Now, Losner said the question of who will fill the seventh and final seat on the council could be key in solidifying opposition against him.

But Fairclough-Staggers brushed off that suggestion, saying she has never seen Losner as a rival. Councilman Stephen Shelley, who also declined to support Losner’s nominee for the vacant seat, said he doesn’t see anyone trying to form a coalition against the mayor — although he acknowledged that relationships among council members aren’t as smooth as they could be.

“I think as a body, we’re still adjusting to the new members on the council,” he said, referring to Losner and Fletcher, the lone council member who supported Losner’s nomination of Compton. “It’s something that we’re going to have to work through and adapt.”

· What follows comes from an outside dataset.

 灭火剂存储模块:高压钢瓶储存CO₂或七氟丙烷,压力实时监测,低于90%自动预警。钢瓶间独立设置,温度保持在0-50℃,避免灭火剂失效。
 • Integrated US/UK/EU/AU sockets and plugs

Request for footage denied

Both Fairclough-Staggers and Losner say no one else heard the heated exchange between them on Dec. 18. Losner said there’s no audio of the moment, and the city attorney orally denied his request to release surveillance footage from the council chambers and the lobby.

The city rejected the Herald’s request for the surveillance tapes Wednesday, citing an exemption in Florida public records laws for information that “reveals a security system.”

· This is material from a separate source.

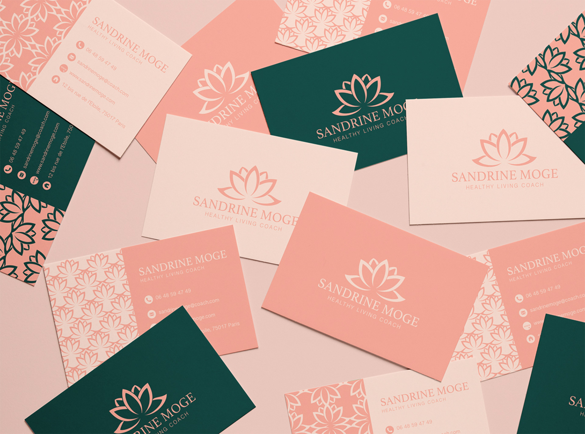 Direction artistique de l'identité visuelle de Sandrine Moge, coach en bien-être.

The four other council members all told the Herald they didn’t hear what happened. Shelley and Fletcher said that when the exchange took place, they were busy talking to the city attorney.

But Shelley said he later saw the vice mayor “in tears” as people consoled her in a hallway between the dais and the lobby.

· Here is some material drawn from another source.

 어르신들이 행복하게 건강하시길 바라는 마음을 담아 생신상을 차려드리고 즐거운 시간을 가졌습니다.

“She was still visibly shaken by the events, whatever occurred,” Shelley said.

Fairclough-Staggers said she believed Councilman Larry Roth heard comments that Losner made after she walked away, but Roth said he left the chambers as soon as the meeting ended.

He dismissed questions about the allegedly explosive exchange between the mayor and vice mayor, saying it wasn’t relevant to city business.

“It didn’t affect me in any way, it hasn’t affected the city in any way, and it hasn’t affected any decisions on the council at any point,” Roth said.

Councilwoman Jenifer Bailey said she didn’t witness the exchange or its aftermath. And, like her colleagues, she denied being part of any coalition forming within the council.

“As far as I’m concerned, I’m not with or against any person,” she said.

Homestead, a South Dade community whose population has nearly tripled to more than 70,000 in the 28 years since it was ravaged by Hurricane Andrew, is continuing to build out its downtown and chart its future course, debating issues related to traffic and housing density. The city council, Roth said, has bigger issues to worry about than personal feuds.

“It goes way beyond a little incident after a council meeting,” he said. “We as a council have to work together, and we are working together.”

Fletcher said Compton had strong support in the so-called Waterstone communities in District 5, in the northeast part of the city, and in Fletcher’s District 2, which includes the Keys Gate communities.

But Fairclough-Staggers suggested at the December meeting that Compton didn’t have citywide support.

“I was looking for someone who was more of a unifier,” she said. “One who didn’t come up here to work with a certain sector of the council, but all of the council.”

Miami Herald staff writer Monique O. Madan contributed to this report.